I suppose it depends somewhat on what type of development you want the prospective programmer to do. If the skills you need are specialized and you can ask specific questions about technical details, that's going to help determine what your prospect can do.An open ended question such as "Tell about toughest project you've ever been on." is apt to yeild insights into work ethic, teamwork, problem solving, and ego.I think the "Design the software for a gas pump" is a good question because it can yeild insight into the candidates problem solving style.Also, I think it's a good idea to have a few questions you ask each candidate. These become internalized and simplify the interviewing process (for the interviewer). Microsoft became notorious for asking "Why are manhole covers round?"


#14 Justice~! avatar
Justice~!
1.28.2008
3:14 PM

This gives me a wonderful post idea...thanks dude.I owe you one!


#15 Bacardi avatar
Bacardi
2.08.2008
12:56 AM

First off, I agree wholly with Toms' input. If a project calls for a specific technology and/or level of experience, then by all means more indept questions are in order. However, in general, I am interested in a candidates' problem solving skills and overall aptitude.A smart person can learn a new concept with relative ease. So the lack of exposure to a concept, by a candidate, is not an adequate measure of skill or aptitude. That is, as long as experience is not a requirement for the project.I have been on projects with developers who spend six months implementing a *framework*, but had no substantial UI, and could not yet read/write data. Now I won't argue right or wrong from a technical point-of-view, because the point appears trivial to the client who wants something now. I have worked at both large companies that appreciate the development life-cycle, and the smaller companies where the stakeholders get that glossy look in their eyes when you begin to talk about framework/architecture. At the latter point, they usually want to know, "how fast can it just work".Hard topic to condense, but I'll stop here.


#16 Stephen Nimmo avatar
Stephen Nimmo
2.18.2008
10:49 AM

I've been doing technical screens for a couple of years now and I basically look at their work history and ask them to explain what they did and why they did it.
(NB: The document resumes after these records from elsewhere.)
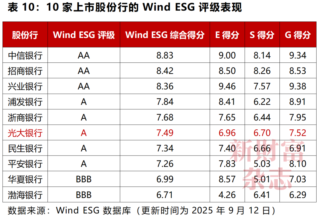 在Wind的ESG评级中,光大银行获得了A级综合评级。而中信银行、招商银行和兴业银行被评为AA评级;他们的评分是7.49分,低于中信银行、招商银行、兴业银行、浦发银行和浙商银行(表10)。
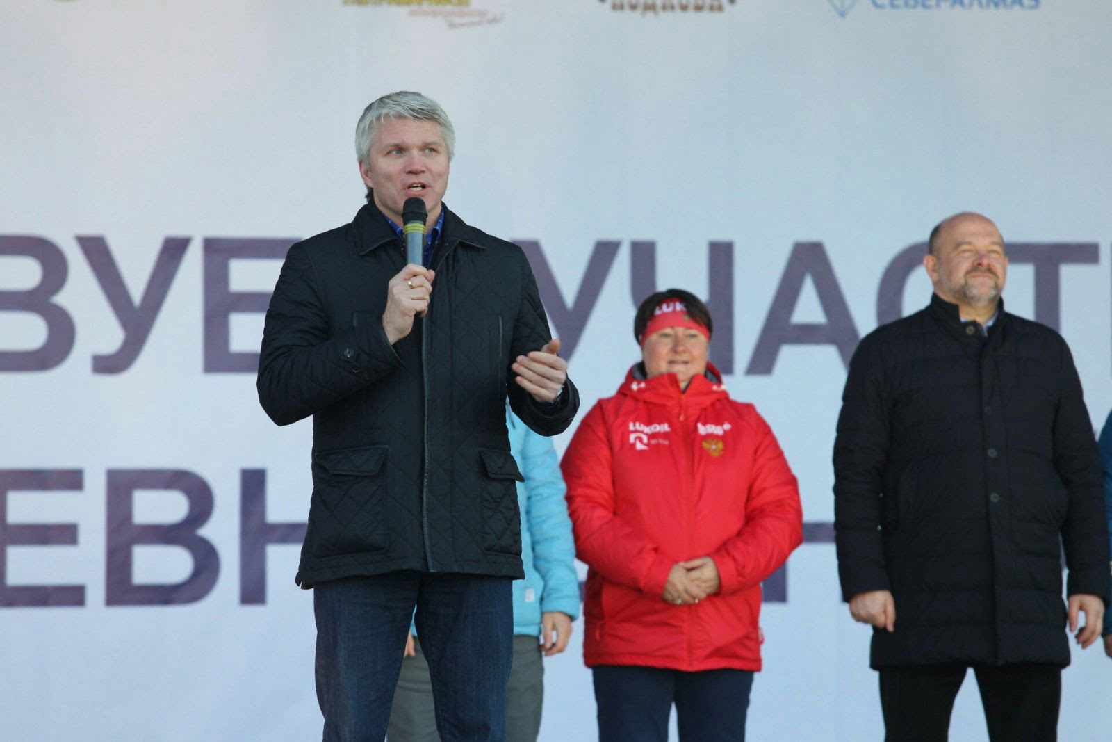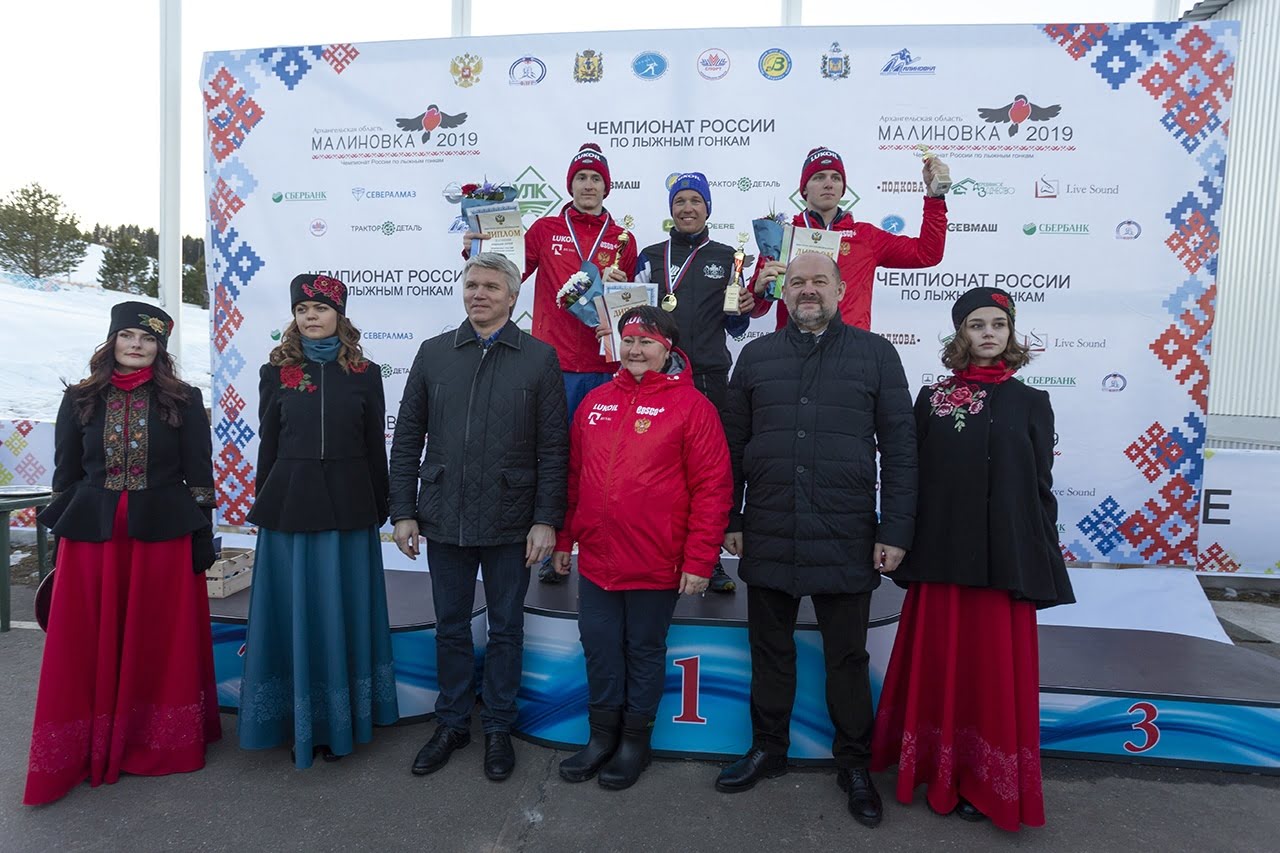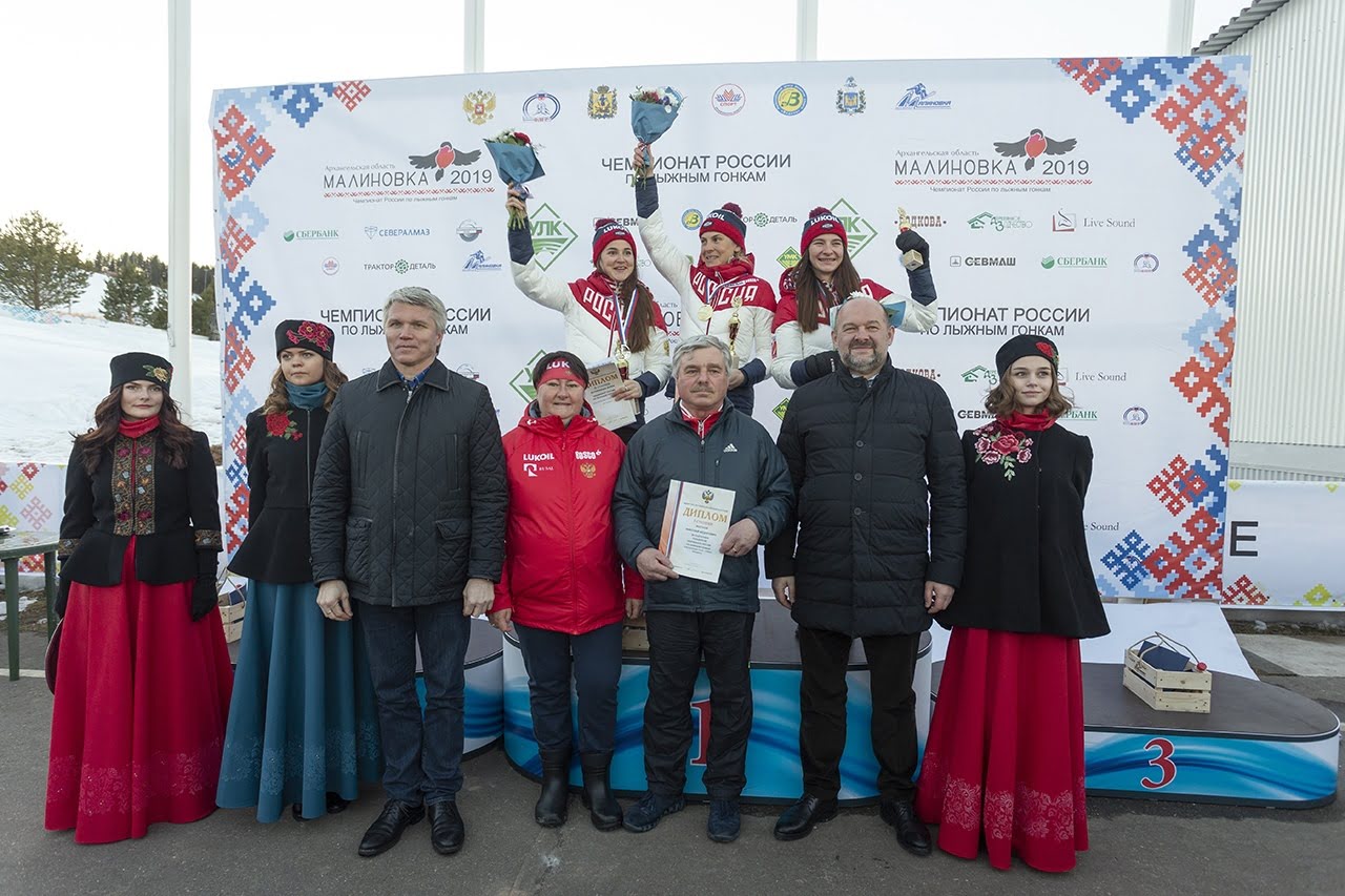 Министр спорта России Павел Колобков, губернатор Архангельской области Игорь Орлов и президент Федерации лыжных гонок России Елена Вяльбе дали официальный старт чемпионату страны по лыжным гонкам в устьянской «Малиновке».
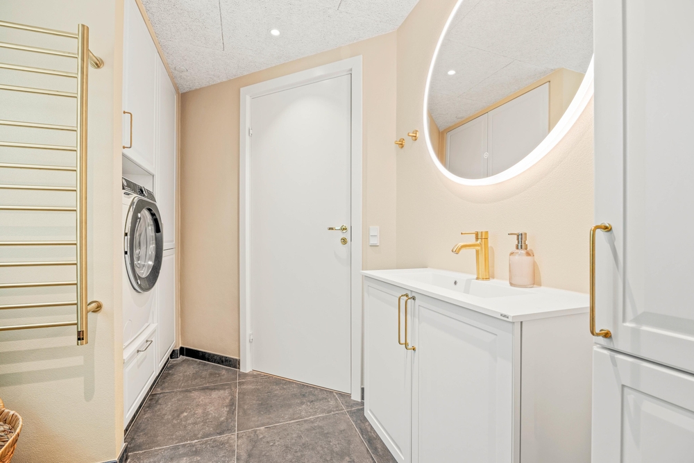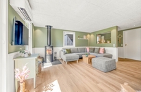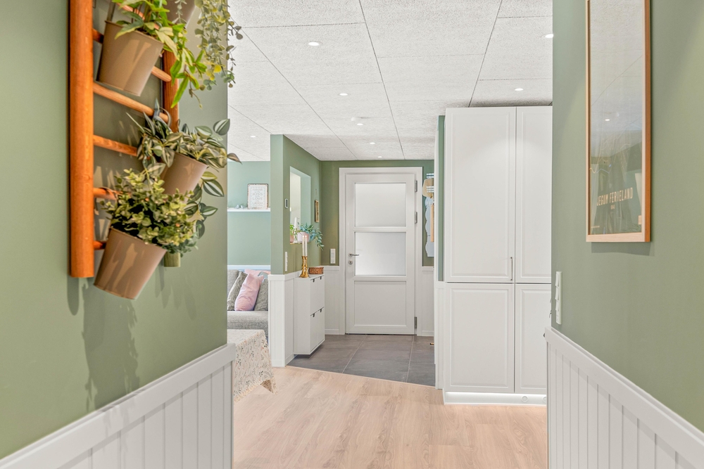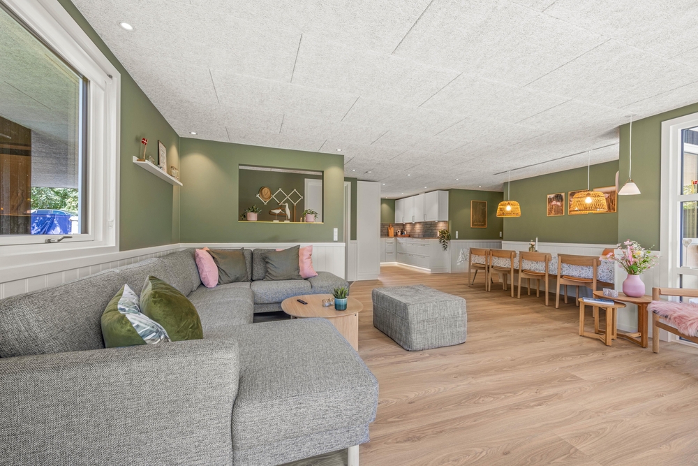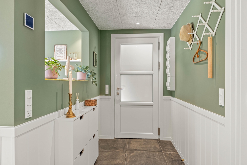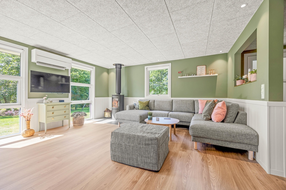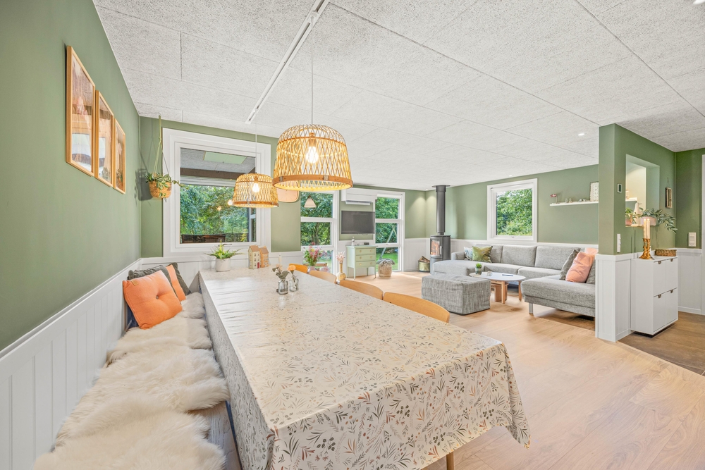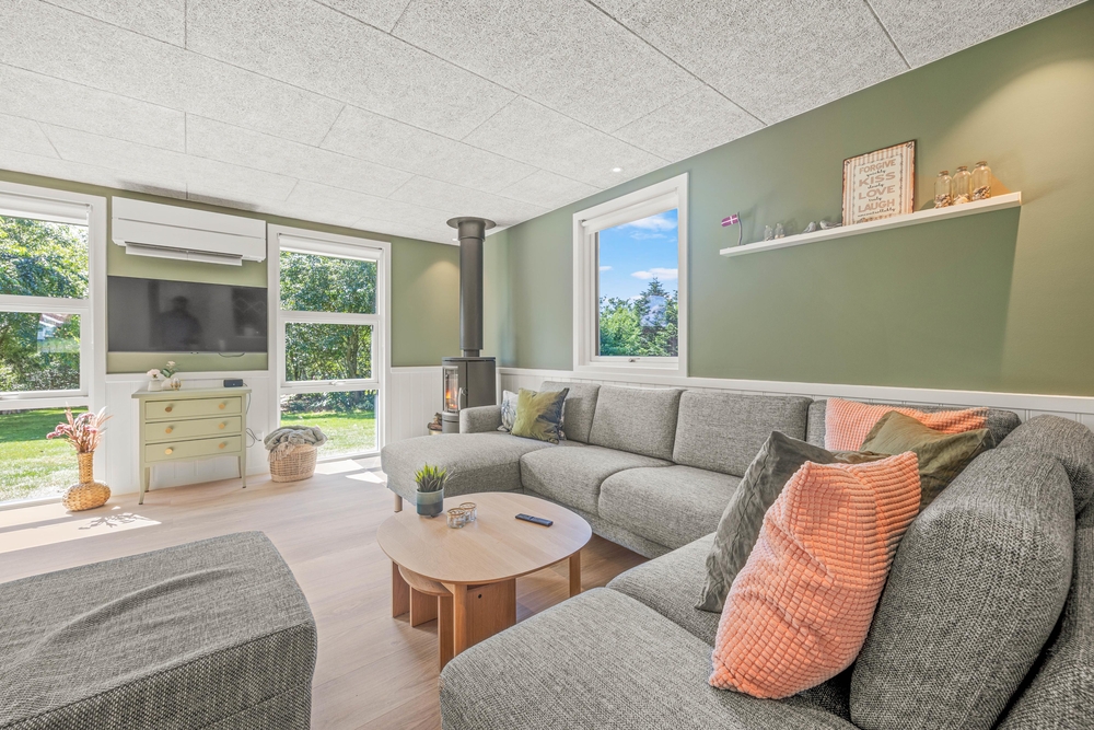 Indenfor vil I opleve en hjemlig og indbydende atmosfære, hvor alt er indrettet til at sikre jeres komfort. Det veludstyrede køkken har alle nødvendigheder, herunder en opvaskemaskine samt en kombineret vaskemaskine og tørretumbler, der gør dagligdagen lettere. Den energibesparende luft til luft varmepumpen sørger for at holde en stabil og behagelig temperatur hele året rundt. I den hyggelige stue kan I finde ro og afslapning foran brændeovnen eller underholdning med Chromecast, perfekte rammer for hyggelige aftener.
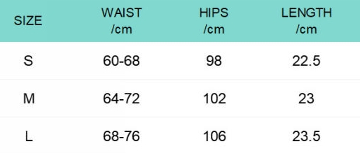 | Size | Bust | Waist | Hips |
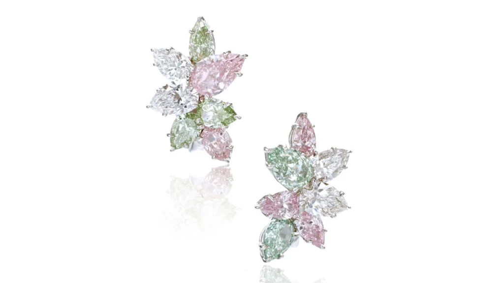 - 镶嵌:14颗梨形钻石(含D至F色、艳彩粉钻、艳彩绿钻)
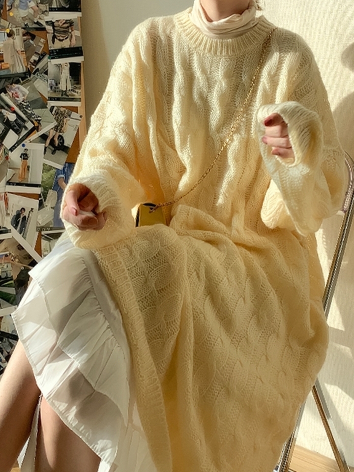 来一场文艺风范的冬天秀吧~这件无论单穿或是内搭都不会显得臃肿的清新文艺长毛衣,采用了兔毛的面料穿起来舒服,宽松直筒可以内搭衬衫,清新百搭学院风 也很适合搭配在大衣和棉服里面,显瘦显气质~
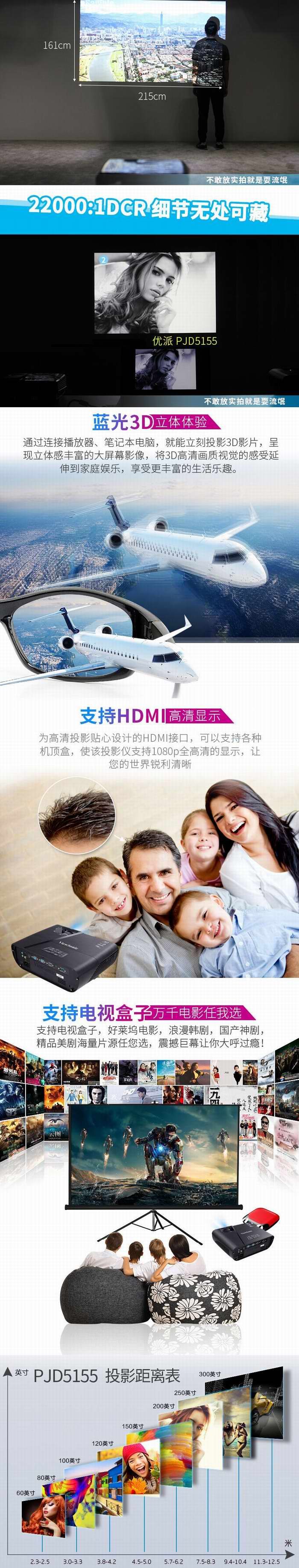 此款便携小巧,采用DLP投影技术,配置3300流明的亮度,支持蓝光3D输出能力,可提供1080P输出效果,有自动梯形校正功能,可满足商务及家庭娱乐使用,能提供清晰逼真的图文画面。具有独家超炫音技术,内建2瓦扬声器,拥有立体环绕音效输出能力。采用冷光源技术灯泡,寿命可长达10000小时。仅2.1千克的机身重量更方便桌面移动演示使用,以及作为3D家用影院。
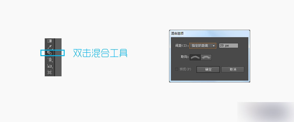 这时,让我们在软件界面左侧工具栏中找到混合工具,双击混合工具的图标,将会在画布上弹出混合选项对话框。在这里你可以参考我的参数,我对混合间距设置为指定的间距,间距距离是20px。对于这里的参数需要加以理解,由于我在之前设置直线的大小是5px,因此,当它们间隔时最好是5的倍数,最终的效果才会显得更加自然。当然这样的造型会显得比较平稳,而打破平静需要更多的加工和构思。

What patterns were used? What development methodologies were used? What did you like about your project? I'll throw some jabs in there about a certain technology or ask them to explain some configuration, but mostly, I just feed them the rope and see if they hang themselves. My frustrations: The language barriers for phone interviews. About 50% of my technical interviews are severely hampered by the inability to understand each other. Vague answers and/or google answers. They can explain the entire project but fail to explain what THEY did on the project. Or when you ask them about something on their resume (such as Spring) and you ask a simple IOC question and can hear them googling the answer.